Das Unternehmen will die Ausschüttung je Aktie um die Hälfte auf 12 Euro anheben. Damit werden die Anteilseigner an der starken Geschäftsentwicklung aus dem vergangenen Jahr beteiligt, da der Konzern sich auf die Fahnen geschrieben hat, grundsätzlich rund 50 Prozent des Jahresergebnisses auszuschütten. Und das war im vergangenen Jahr um mehr als die Hälfte auf knapp 1,3 Milliarden Euro gestiegen, wie seit der Veröffentlichung vorläufiger Zahlen im Januar bekannt ist. Der Gewinn vor Zinsen, Steuern und Abschreibungen (Ebitda) legte 2022 um gut ein Drittel auf etwa 2,1 Milliarden Euro zu, bei einem Umsatzwachstum um knapp ein Drittel auf 8,2 Milliarden Euro.
Dabei bekam das Unternehmen aber bereits insbesondere zum Jahresende hin die Zurückhaltung der Kunden zu spüren. Die gesamte Branche litt unter einem Abbau teils zu hoher Lagerbestände sowie unter dem tristen Konjunkturumfeld. Das machte sich vor allem im Geschäft mit Silikonen bemerkbar - vielseitig einsetzbare Kunststoffe, die etwa in der Elektronikindustrie, der Baubranche, bei Textilherstellern, Medizintechnikunternehmen und Autobauern gefragt sind.
"Die Dynamik der Weltwirtschaft hat sich deutlich abgeschwächt", sagte Konzernchef Christian Hartel laut Mitteilung. "Das wirtschaftliche und politische Umfeld weltweit bleibt volatil. Die hohen Preise für Energie, insbesondere in Europa, belasten weiter unser Geschäft." Gerade die Bauindustrie schwächelt derzeit weiter. Hohe Zinsen verteuern die Finanzierung und die hohe Inflation hat die Baukosten in die Höhe getrieben, viele Projekte liegen auf Eis. In der Textilindustrie erwartet Wacker Chemie allerdings nach einem Nachfragerückgang Ende des vergangenen Jahres für 2023 eine Trendwende.

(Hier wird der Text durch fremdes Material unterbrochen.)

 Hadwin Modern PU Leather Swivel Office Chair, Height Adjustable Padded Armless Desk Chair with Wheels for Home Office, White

Wachsen will das Unternehmen derweil im Geschäft mit Spezialprodukten, also abseits der Massenware. "Dies gilt besonders für Anwendungen im Energiesektor, in der Elektromobilität, in der Pharmaindustrie und in der Medizintechnik sowie bei der Herstellung von Etiketten", heißt es im Geschäftsbericht. Bei letzterem komme das Wachstum des Versandhandels zum Tragen. Und der Ausbau des 5G-Mobilfunks und Trends wie künstliche Intelligenz steigerten die Nachfrage der Elektroindustrie nach Gasen und hochreinen Silanen. Das sind Stoffe, die unter anderem Farben, Dichtstoffen und Wasserschutzmitteln beigemischt werden, aber auch in Isolierschichten für Halbleiter-Komponenten genutzt werden.

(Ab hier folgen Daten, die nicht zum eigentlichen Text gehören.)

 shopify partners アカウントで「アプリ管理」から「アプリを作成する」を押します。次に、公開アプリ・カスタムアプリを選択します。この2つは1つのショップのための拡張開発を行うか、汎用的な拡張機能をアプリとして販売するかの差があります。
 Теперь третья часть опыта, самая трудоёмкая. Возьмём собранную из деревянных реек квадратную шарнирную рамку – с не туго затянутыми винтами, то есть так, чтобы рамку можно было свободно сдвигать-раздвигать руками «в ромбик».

Alles in allem dürften der Umsatz 2023 auf 7 bis 7,5 Milliarden Euro sinken und das operative Ergebnis (Ebitda) auf 1,1 bis 1,4 Milliarden Euro fallen. Das wäre bei den Erlösen ein Minus von bis zu knapp 15 Prozent und beim operativen Gewinn um bis zu fast der Hälfte. Die durchschnittlichen Analystenschätzungen liegen beim Umsatz eher am unteren Ende der Spanne, beim Gewinn eher am oberen. Im ersten Quartal dürfte das operative Ergebnis dabei besonders unter Druck geraten und auf 250 bis 280 Millionen Euro fallen, nach 644 Millionen Euro vor einem Jahr. Dabei schwächelt vor allem das Geschäft mit dem Solar- und Halbleiterindustrie-Grundstoff Polysilizium, gerade das Geschäft mit der Solarindustrie läuft aktuell nicht rund.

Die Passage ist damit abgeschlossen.